While DJCS has advised that it is implementing the culture change strategy through its Information Sharing and MARAM Working Group, further implementation planning and delivery will be beneficial in order to realise the potential of this high-quality strategy.

Figure 3e: Good practice example: Culture change strategy

DJCS, with funding from FSV, worked with a private consultancy to develop a culture change strategy to support implementation of the FVISS based on proven change management evidence and informed by extensive consultations. The strategy recognised that each of the department’s entities has a distinct sub-culture and identified specific priorities and initiatives tailored to each of these groups – corrections / prisons, health services for prisoners, community programs, victim support and youth justice.

The strategy assessed the importance, urgency and complexity of each of the proposed initiatives on a matrix and provided DJCS with advice on prioritising actions and resources.

The strategy also included a maturity model, which identified six characteristics of successful information sharing and assessed each of the DJCS entities’ maturity against each of these elements as embryonic, emerging or embedded, creating a baseline for monitoring implementation of the strategy. The characteristics assessed in the model were:

  • naturally collaborative
  • family violence literate
  • delegate authority
  • trusting
  • familiar with the FVISS and its objectives
  • familiar with other entities in the FVISS.

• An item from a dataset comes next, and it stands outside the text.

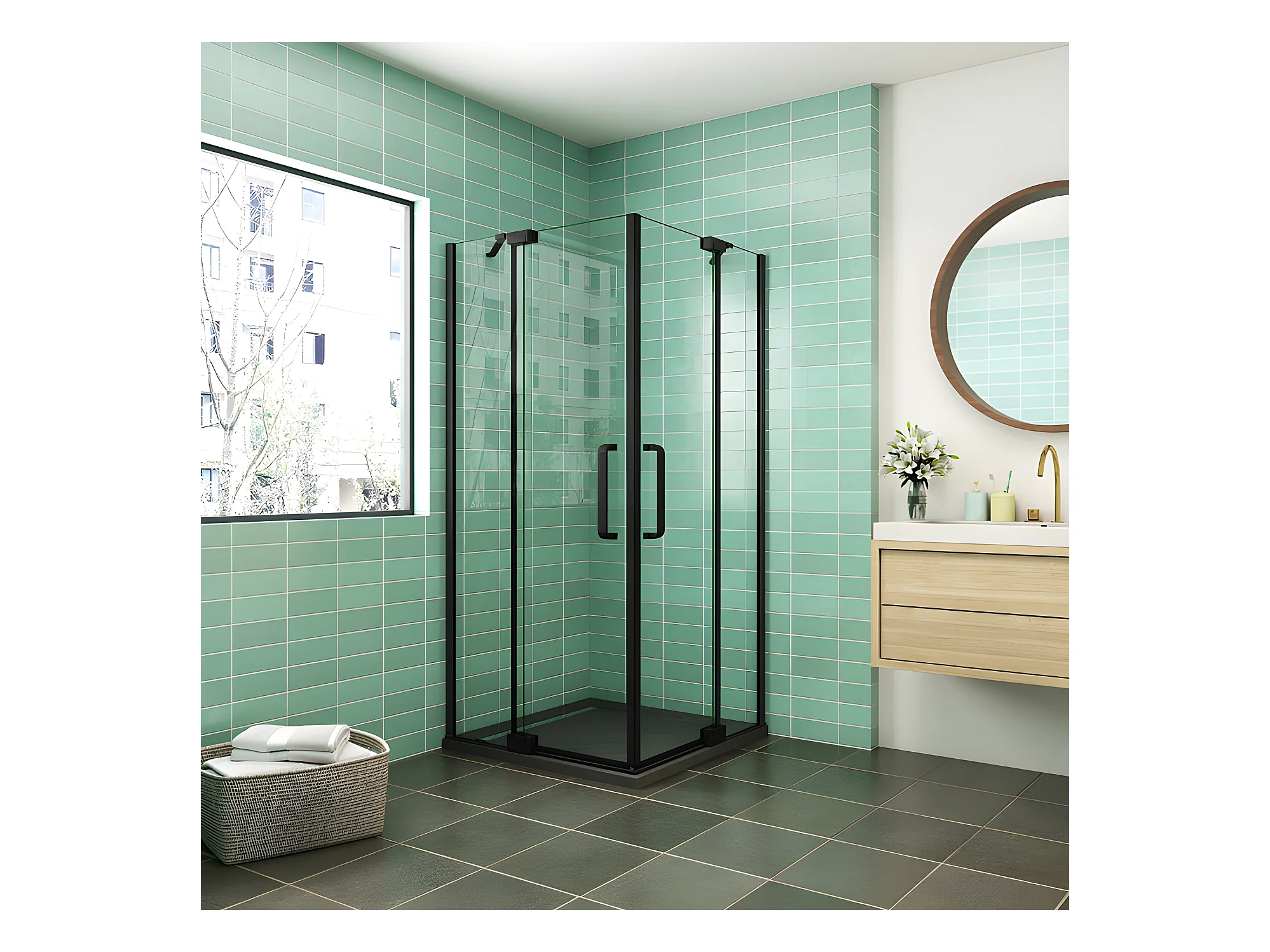 AICA Cabine de douche 90x90x200cm accès d'angle - Noir Mat , porte de douche coulissante, en 6mm verre anticalcaire, cabine de douche noire
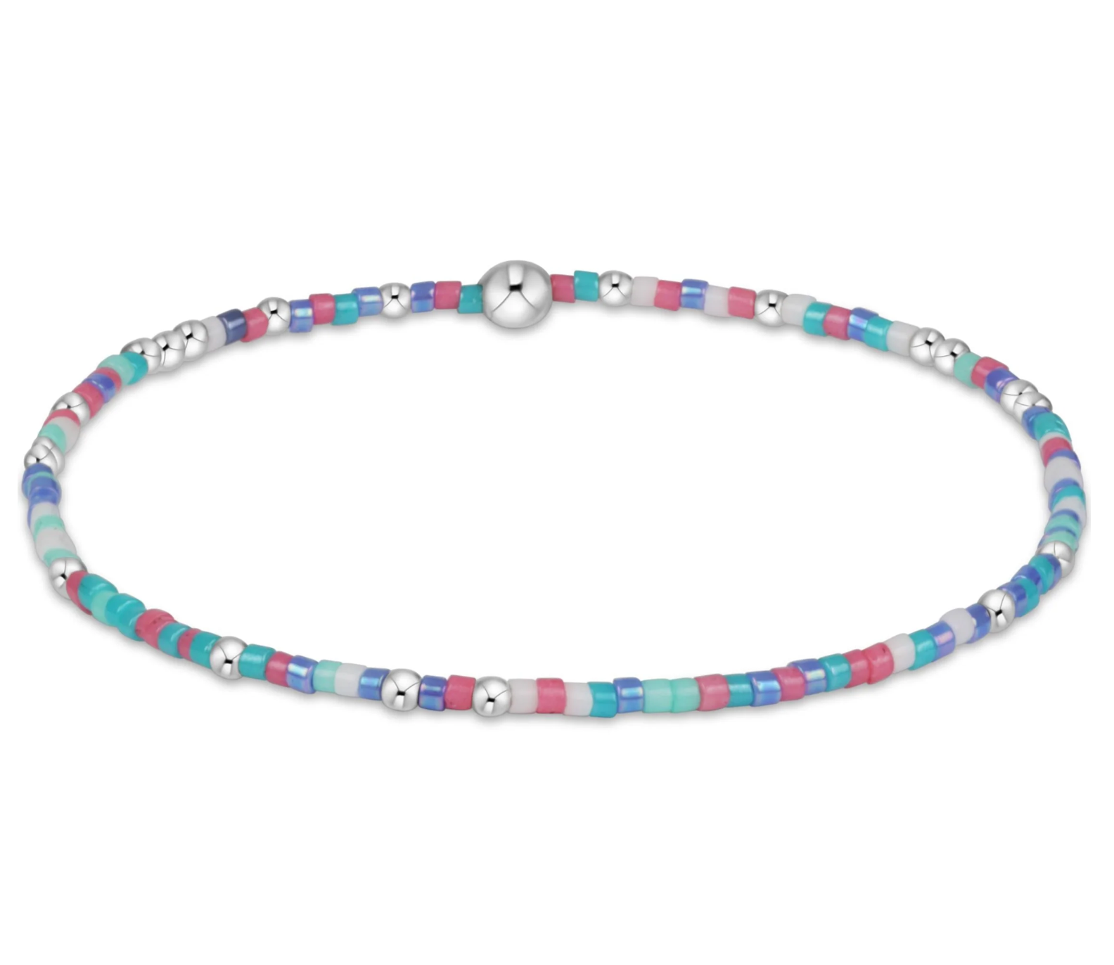 - Hand beaded on high performance elastic for a slight stretch to easily roll on and off your wrist

To inform the appropriate strategies, the model also explored, without the assessment component, three further key factors: relationship with victim/survivors, staff turnover and work setting.

Source: FVRIM, based on information from DJCS and FSV.

Footnotes

8 Toivonen, C., & Backhouse, C. (2018): National Risk Assessment Principles for Domestic and Family Violence (ANROWS Insights 07/2018), Sydney.

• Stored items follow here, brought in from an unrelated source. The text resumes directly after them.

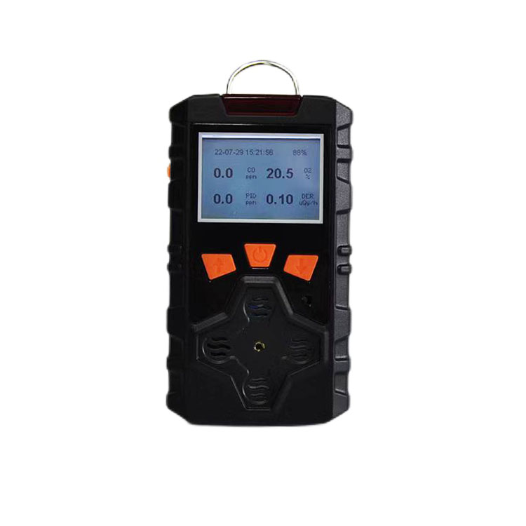 Backlit screen shows gas name, concentration, radiation level, and time stamp.
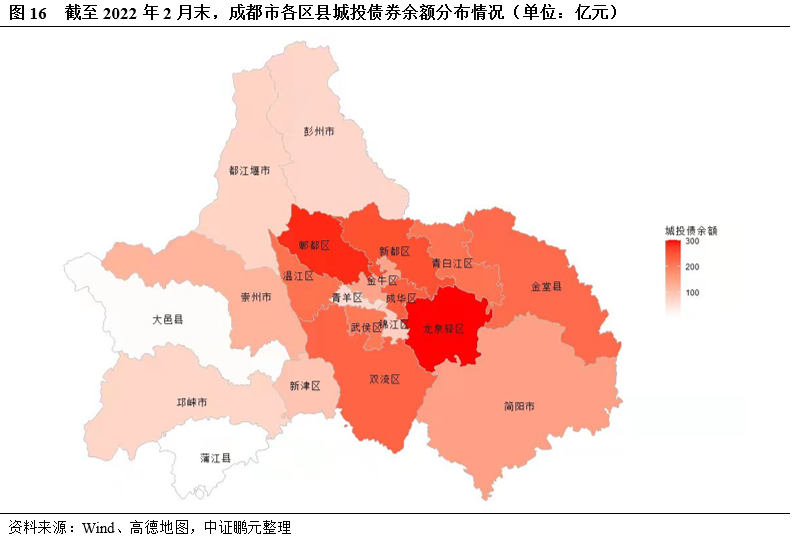 成都市債券發行下沉較為明顯,存續債集中在二圈層區縣和“東進”“北改”規劃區縣。從行政級別來看,省級、地市(州)級、區縣級城投平臺發債余額占比分別為17.0%、43.7%和39.3%,區縣級城投主要集中在成都市下轄區,體現其區縣級城投具有一定市場認可度,區縣級城投存續債余額占全市比例達77.9%;主要集中在“二圈層”區縣和納入成都“東進”“北改”戰略規劃的金堂縣、青白江、簡陽市等,其中龍泉驛和郫都區為前兩大存續債區縣,余額均在300億元左右,占全市比例在6.5%左右;高新區和天府新區城投平臺分別發債259億元和200億元,占比分別為5.8%和4.5%。
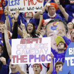 KU fans participate in the ESPN College Game Day show in this photo from February 16, 2013, in Allen Fieldhouse.
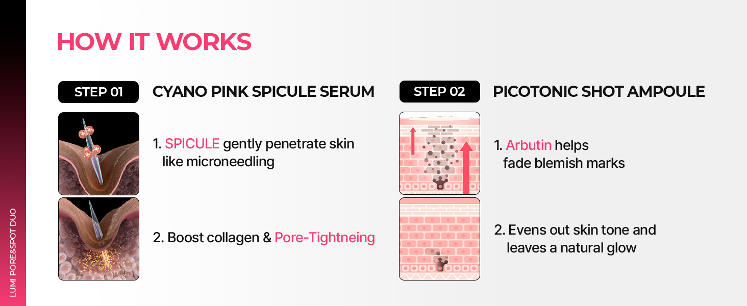 After cleansing, apply an appropriateamount to dry skinavoiding the eye and lip areas. Do not rub.Gently pat into the skin to help it absorb.The micro-spicules provide a microneedling-likeeffect to tighten enlarged pores
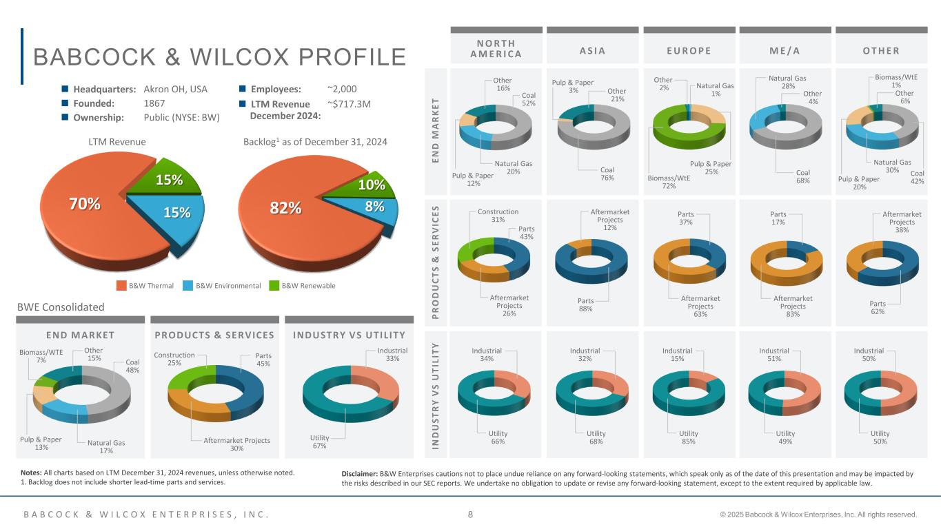 B A B C O C K & W I L C O X E N T E R P R I S E S , I N C . © 2025 Babcock & Wilcox Enterprises, Inc. All rights reserved.7 WE'RE LEVERAGING A VAST INSTALLED BASE AND PROVEN TECHNOLOGIES  More than 300 operating utility and industrial boiler units in the U.S. and nearly 200 operating utility and industrial boiler units across 40 countries around the world  More than 5,000 industrial water- tube package boilers and other waste heat recovery products installed in a variety of facilities  Average more than 500,000 U.S. Boilermakers’ construction manhours per year over last five years  One of the top five Boilermaker employers in the U.S. utility industry  More than 500 waste-to-energy and biomass-to-energy units at 300+ facilities globally (consuming over 61 million tonnes of waste per year) and a leader in plant availability  Serving utility, waste management, municipality and investment firm customers  Large worldwide installed base of wet and dry scrubbers for SOX reduction, particulate control equipment, NOX reduction technologies, and mercury control systems to meet environmental regulations  Flue gas pre-treatment technologies for use with CO2 capture A VAST GLOBAL INSTALLATION OF B&W’S CORE TECHNOLOGIES AT UTILITY AND INDUSTRIAL PLANTS CREATE LARGE GROWTH OPPORTUNITIES FOR PARTS, SERVICES AND RETROFITS Ensuring energy security Driving decarbonization Supporting sustainable power
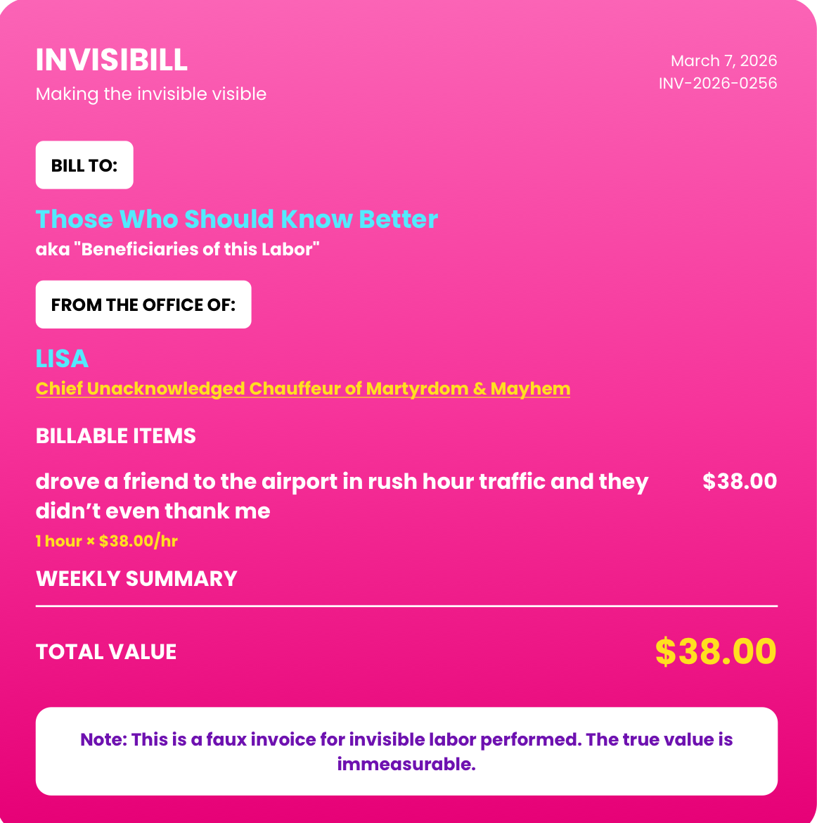 InvisiBILL finally puts a price on the little things you do that never get a “thank you.”
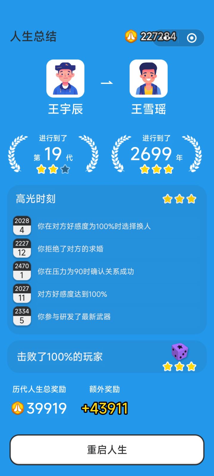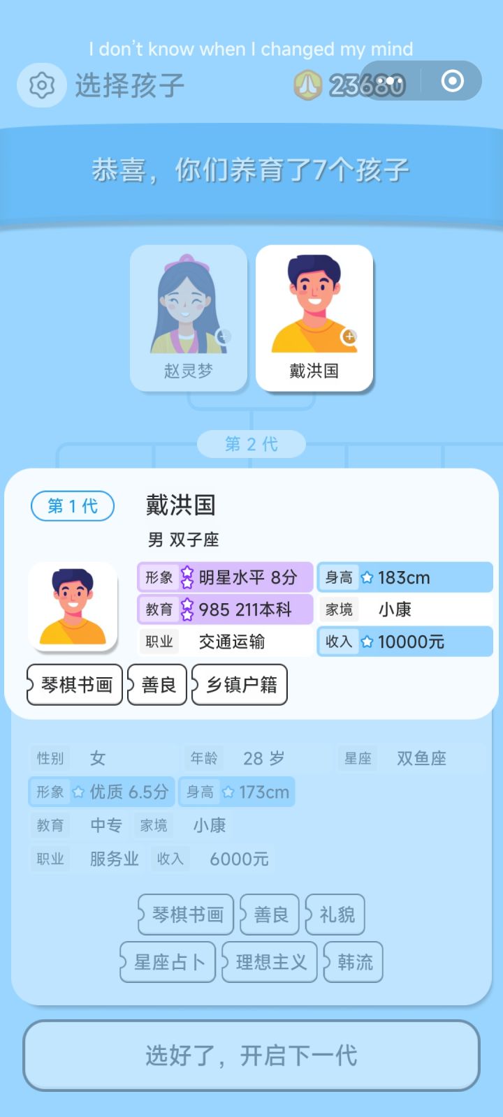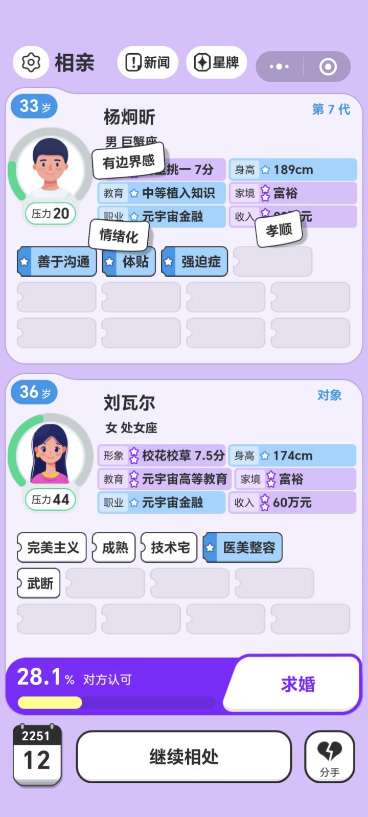 希望能改进一下比如三十五岁不能相亲,但下一代一开局就四十岁了就结束的这种情况😭

9 Royal Commission into Family Violence (2016): Report and recommendations, Vol. 1, p. 95.

10 Royal Commission into Family Violence (2016): Summary and Recommendations, p. 20

11 Prescribed organisations are defined in Regulation 18 of Family Violence Protection (Information Sharing and Risk Management) Regulations 2018. Available at legislation.vic.gov.au.

12 Victorian Government (2019): Regulatory Impact Statement: Family Violence Protection (Information Sharing and Risk Management) Amendment Regulations 2020, Final Report 17 October 2019. Available at engage.vic.gov.au/family-violence-maram-and-information-sharing-reforms (accessed 2 December 2019).

13 RAMPs are convened in local service areas for the very highest risk family violence cases. The rollout of RAMPs across Victoria was recommendation 4 of the Royal Commission and is reported as ‘implemented’ on the government’s public acquittal website.

14 Monash University (2018): Review of the family violence information sharing legislative scheme Ref no. C6475, Interim report, June 2018.